While she took pride in the charity work she undertook, and the media Stanley did not enjoy her vice-regal duties that came with being a spouse of the Governor of Victoria. She did not like the order and methodical nature of the duties, which were overseen by the private secretary to the Governor, the Hon. Victor Nelson Hood, with whom she did not get along. Stanley prioritised her family over vice-regal duties. This also caused problems with her role at the Red Cross. Munro Ferguson was fighting to keep the Red Cross as a woman's organisation, with women in the top positions, however sixteen months in she felt the success of the organisation was leading to men ousting the women she had put in charge. She expressed frustration in what she saw as Stanley's husband Arthur sweeping Stanley aside from her duties as president of the Victorian division.

During the five year period that she lived in Australia from 1914 until 1919, Stanley gave birth to her two youngest children, Lyulph and Victoria, and she experienced a miscarriage. The combination of her pregnancies and her home sickness impacted her health and in early 1918, Stanley began to worry that she had heart disease. Doctors could not find a physical cause, and diagnosed a nervous breakdown, and she was admitted to a nursing home to recuperate.

At the invitation of Edith Onions, Stanley became the patron and president of The City Newsboys Club, a charity which she was most proud of being involved with. Onions took her to visit the homes of the Newsboys' families.

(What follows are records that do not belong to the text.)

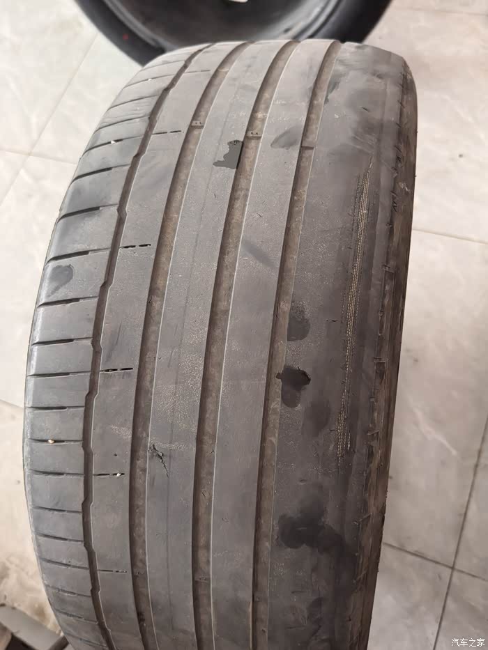 这个轮胎的钢丝线已经暴露出来了,必须更换,上次保养的文章里也提及。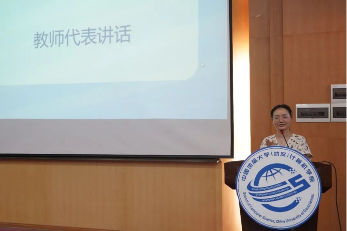 优秀教师代表杨帆发言。她表示大学和高中的不同主要在学习目标、特点、方法,并围绕专业特点、发展趋势向同学们表达了自己的殷切期盼,希望广大同学及时适应大学学习环境、转变学习思维,戒骄戒躁、见贤思齐,把握时代赋予的挑战和机遇,在地大的奋斗中展现青春的光芒。
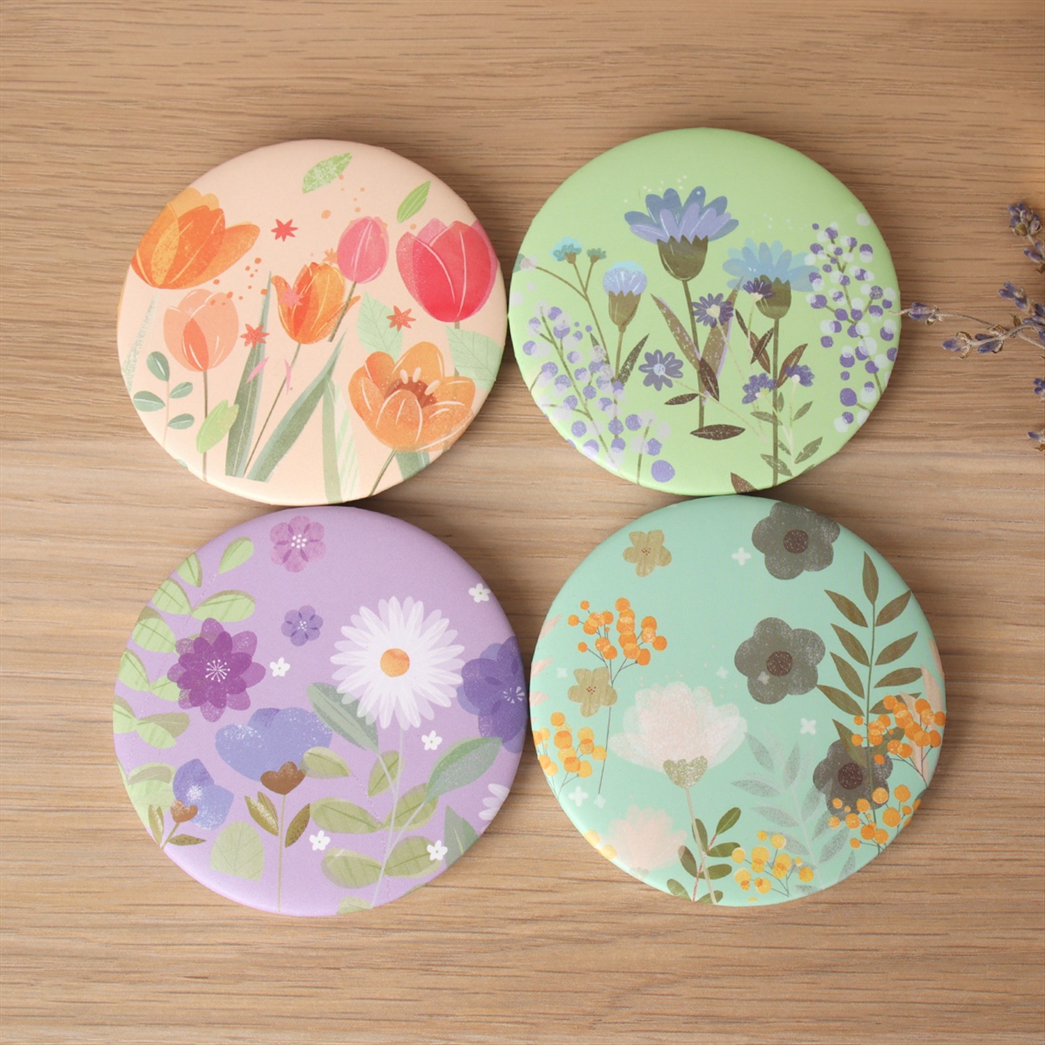 Зеркало карманное 7 см Цветы / PJ-8 /уп 12/480/ 7 фото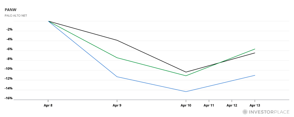 As you can see below, Palo Alto Networks (PANW) immediately fell about 10%, while CrowdStrike (CRWD) dropped 11% and Zscaler (ZS) shed 14%.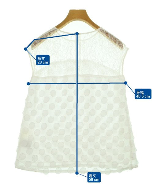 [Brand] GRACE CONTINENTAL [Type] Women's [Condition] Rank: B [Color] White (lace) [Size] 38 (Medium) [Actual size] Width: 40.5cm Sleeve length: 23cm Length: 58cm [Material] (Outer and lining) 100% polyester, (Lace) 100% nylon [Country of origin] Japan [Other details] Season: Spring-Summer Pocket: None Translucency: Yes Fabric thickness: thin Lining: None Elasticity: None Gloss: None Opening and closing: button |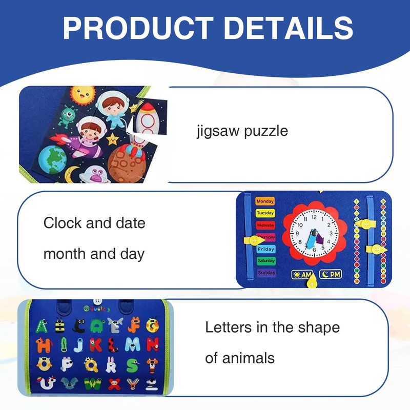 - Safe and Durable: Made from high-quality, non-toxic materials, this busy board is built to last and is safe for little hands. Its sturdy construction ensures it can withstand the enthusiastic play of curious toddlers

Stanley was associated with several organisations while she was in Australia. Some of these were:

- Patron and president of the Victorian Bush Nursing Association.
- Patron of the Young Women's Christian Association.
- Patron of The Free Kindergarten Union of Victoria.
- Patron of the Austral Salon.
- President of the Queens Fund.
- President of the Victorian League, and the Mount Macedon branch.
- President of the Victorian Society for the Prevention of Cruelty to Children.
- President of the state divisions of the Victorian Mothers Union.
Stanley left Australia for England on 21 March 1919 on the R.M.S. Osterley. several thousand people attended to see her off, and the Newsboys formed a guard of honour, and the crowd sang Auld Lang Syne. The Newsboys presented her with a boomerang which stated "All trust that like the boomerang, you will come back". Stanley told them that she was "relinquishing my presidency, but not my friendship".

In 1923 on a return trip to Australia, Stanley laid the foundation stone on the new City Newsboys Society clubhouse on the corner of Little Collins and Alfred Place on May 24. On this trip she also attended a picnic for the Old Boys wives and children, and at the Menzies Hotel, Onians introduced her to a former newsboy, Squizzy Taylor. During this meeting Taylor gifted Stanley with a silver box inscribed with "To Lady Stanley, from one misunderstood to one who understands! Leslie Taylor". Stanley was touched by the compliment, and treasured the box for the rest of her life.

== Death ==
Stanley died in Westminster, London, England on 13 April 1964 aged 88. Her funeral took place at the Golders Green Crematorium on April 15, and her ashes were buried at Alderley, Cheshire on April 16.